- _INSTRUCTIONS TO FOLLOW_
Shown below are entries with pictures; the line with "Die Rahmen bestehen" through the line with "セリフ: だとよエレン…今ならケツに蹴り入れるだけで勘弁してやる…" is the span to retype exactly, and the pictures stay out.

- _MATERIAL SUPPLIED_
+---+

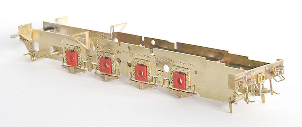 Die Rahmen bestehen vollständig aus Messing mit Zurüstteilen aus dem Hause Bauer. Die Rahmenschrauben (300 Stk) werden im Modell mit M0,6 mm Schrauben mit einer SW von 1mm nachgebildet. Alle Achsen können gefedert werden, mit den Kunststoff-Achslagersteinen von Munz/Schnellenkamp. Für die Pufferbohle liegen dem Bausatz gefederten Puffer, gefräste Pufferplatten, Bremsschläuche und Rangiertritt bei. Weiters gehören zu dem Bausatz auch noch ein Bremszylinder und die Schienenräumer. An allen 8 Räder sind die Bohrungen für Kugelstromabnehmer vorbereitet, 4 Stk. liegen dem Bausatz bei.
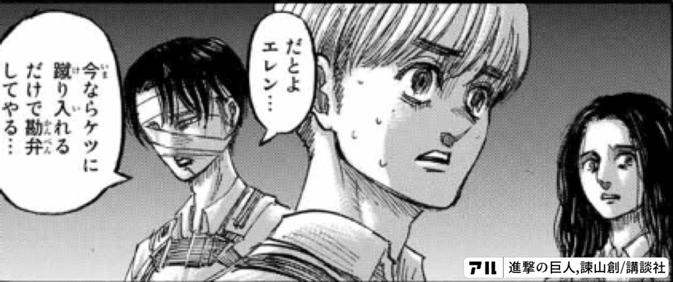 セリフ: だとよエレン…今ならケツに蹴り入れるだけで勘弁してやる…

+---+

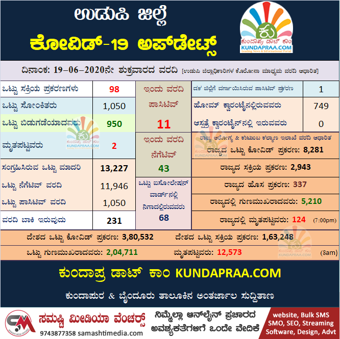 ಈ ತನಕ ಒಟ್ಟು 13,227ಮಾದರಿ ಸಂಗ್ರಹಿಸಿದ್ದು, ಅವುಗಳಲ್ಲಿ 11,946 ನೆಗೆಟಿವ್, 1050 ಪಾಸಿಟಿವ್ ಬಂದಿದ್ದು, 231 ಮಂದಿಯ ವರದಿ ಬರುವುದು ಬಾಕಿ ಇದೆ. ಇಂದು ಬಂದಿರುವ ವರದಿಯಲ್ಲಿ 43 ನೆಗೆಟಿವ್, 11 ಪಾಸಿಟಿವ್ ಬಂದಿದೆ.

+---+

- _ANSWER TO THIS TASK_
 Die Rahmen bestehen vollständig aus Messing mit Zurüstteilen aus dem Hause Bauer. Die Rahmenschrauben (300 Stk) werden im Modell mit M0,6 mm Schrauben mit einer SW von 1mm nachgebildet. Alle Achsen können gefedert werden, mit den Kunststoff-Achslagersteinen von Munz/Schnellenkamp. Für die Pufferbohle liegen dem Bausatz gefederten Puffer, gefräste Pufferplatten, Bremsschläuche und Rangiertritt bei. Weiters gehören zu dem Bausatz auch noch ein Bremszylinder und die Schienenräumer. An allen 8 Räder sind die Bohrungen für Kugelstromabnehmer vorbereitet, 4 Stk. liegen dem Bausatz bei.
 セリフ: だとよエレン…今ならケツに蹴り入れるだけで勘弁してやる…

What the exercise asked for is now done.